EXERCISE OBJECTIVE: Extract the lines up to and including the one that contains "La mujer sufrió", starting with the first line of the entries below, and omit the pictures.

::: GIVEN ENTRIES :::

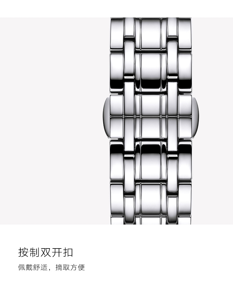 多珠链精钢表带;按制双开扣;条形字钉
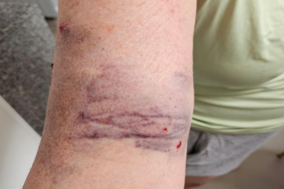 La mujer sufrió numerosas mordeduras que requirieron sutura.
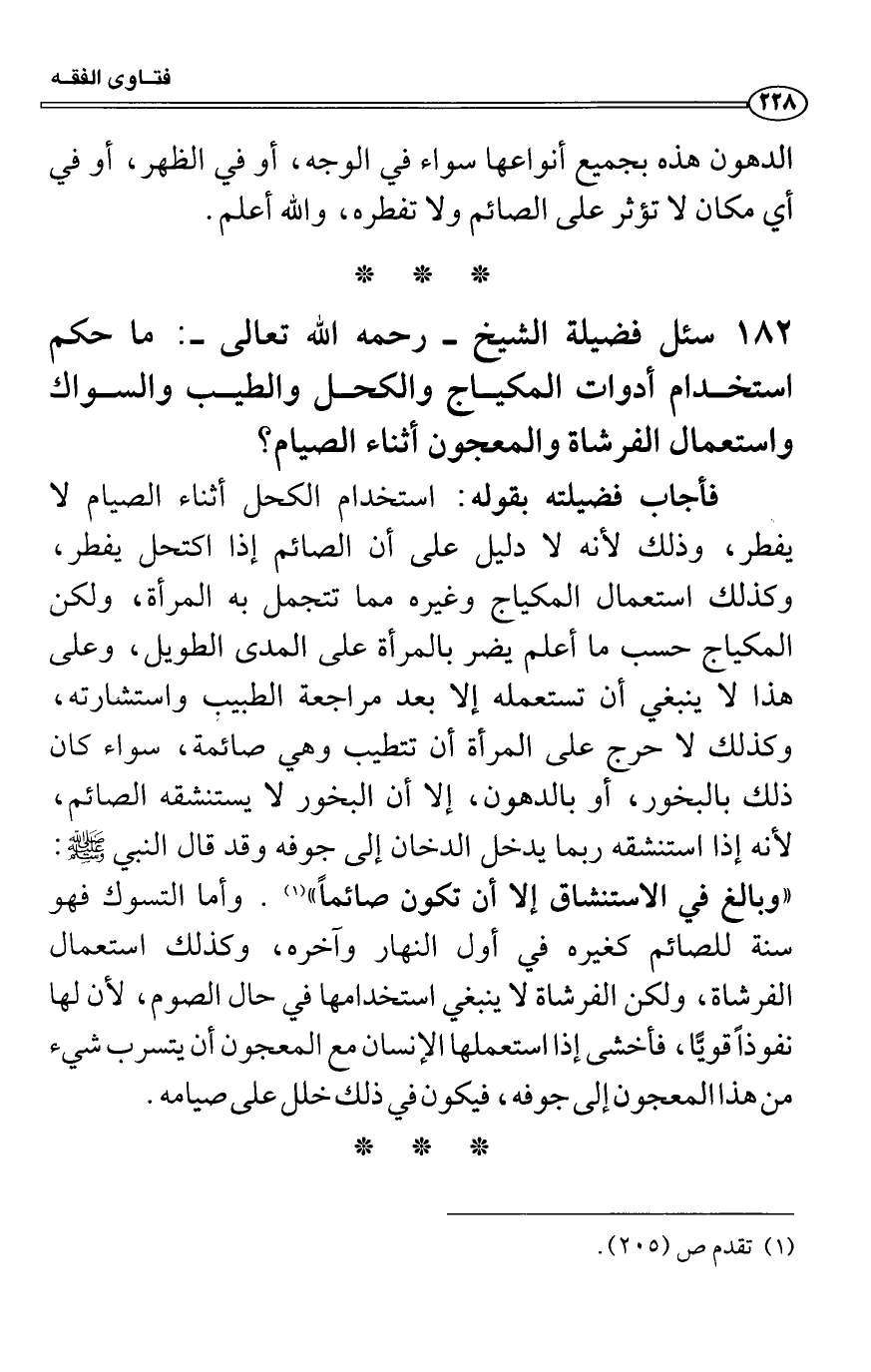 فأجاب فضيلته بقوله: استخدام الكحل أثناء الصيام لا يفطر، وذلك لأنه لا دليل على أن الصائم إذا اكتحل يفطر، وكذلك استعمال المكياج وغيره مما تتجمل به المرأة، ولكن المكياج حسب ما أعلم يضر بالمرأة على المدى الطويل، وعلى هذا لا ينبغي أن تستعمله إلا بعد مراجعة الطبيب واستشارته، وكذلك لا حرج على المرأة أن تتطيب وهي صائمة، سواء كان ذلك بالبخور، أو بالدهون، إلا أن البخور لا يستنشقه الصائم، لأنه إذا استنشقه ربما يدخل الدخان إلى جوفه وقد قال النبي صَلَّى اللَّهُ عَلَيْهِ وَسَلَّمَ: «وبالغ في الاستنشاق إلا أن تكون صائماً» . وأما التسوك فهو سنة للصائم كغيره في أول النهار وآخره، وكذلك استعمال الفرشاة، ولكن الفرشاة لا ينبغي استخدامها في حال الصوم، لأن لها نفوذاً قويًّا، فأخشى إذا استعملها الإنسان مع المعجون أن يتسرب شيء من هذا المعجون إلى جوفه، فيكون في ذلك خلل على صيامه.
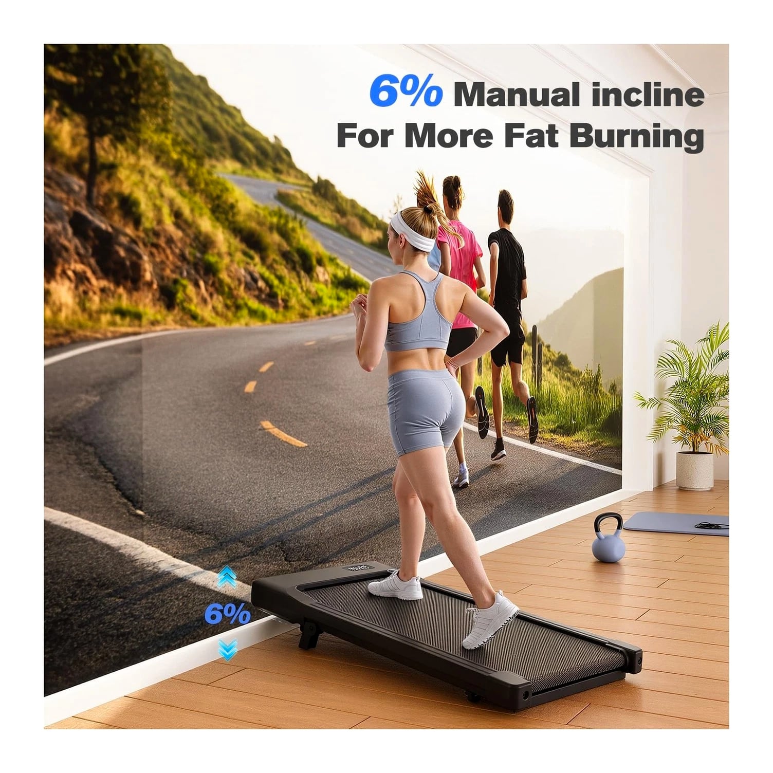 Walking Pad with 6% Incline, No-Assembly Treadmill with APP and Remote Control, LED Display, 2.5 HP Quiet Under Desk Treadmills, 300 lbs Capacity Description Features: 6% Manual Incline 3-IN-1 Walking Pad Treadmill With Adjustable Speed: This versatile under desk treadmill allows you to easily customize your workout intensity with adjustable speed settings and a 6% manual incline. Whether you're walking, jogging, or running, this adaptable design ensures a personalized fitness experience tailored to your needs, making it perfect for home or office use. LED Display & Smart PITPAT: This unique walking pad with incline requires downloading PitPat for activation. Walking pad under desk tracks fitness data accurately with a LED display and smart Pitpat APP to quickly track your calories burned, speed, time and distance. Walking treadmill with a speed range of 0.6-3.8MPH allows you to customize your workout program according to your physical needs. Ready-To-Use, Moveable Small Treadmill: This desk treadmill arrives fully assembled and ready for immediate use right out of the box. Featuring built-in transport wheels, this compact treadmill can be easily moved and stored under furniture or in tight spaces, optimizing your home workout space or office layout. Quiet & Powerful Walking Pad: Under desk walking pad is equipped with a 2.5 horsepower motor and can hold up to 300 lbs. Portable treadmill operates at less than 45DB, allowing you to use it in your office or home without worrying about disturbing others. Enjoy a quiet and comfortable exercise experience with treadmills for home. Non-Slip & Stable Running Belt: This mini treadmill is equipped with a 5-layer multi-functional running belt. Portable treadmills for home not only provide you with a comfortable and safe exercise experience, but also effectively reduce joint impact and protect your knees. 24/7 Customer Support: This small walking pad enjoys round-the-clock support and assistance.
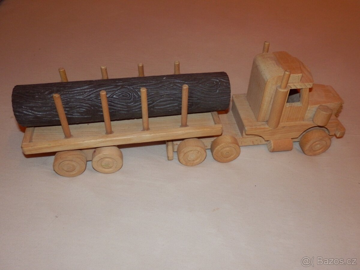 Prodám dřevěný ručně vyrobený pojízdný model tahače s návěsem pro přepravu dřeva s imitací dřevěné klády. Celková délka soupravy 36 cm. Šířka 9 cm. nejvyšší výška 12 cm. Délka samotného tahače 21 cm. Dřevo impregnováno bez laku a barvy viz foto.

:::

ANSWER SPACE:
 多珠链精钢表带;按制双开扣;条形字钉
 La mujer sufrió numerosas mordeduras que requirieron sutura.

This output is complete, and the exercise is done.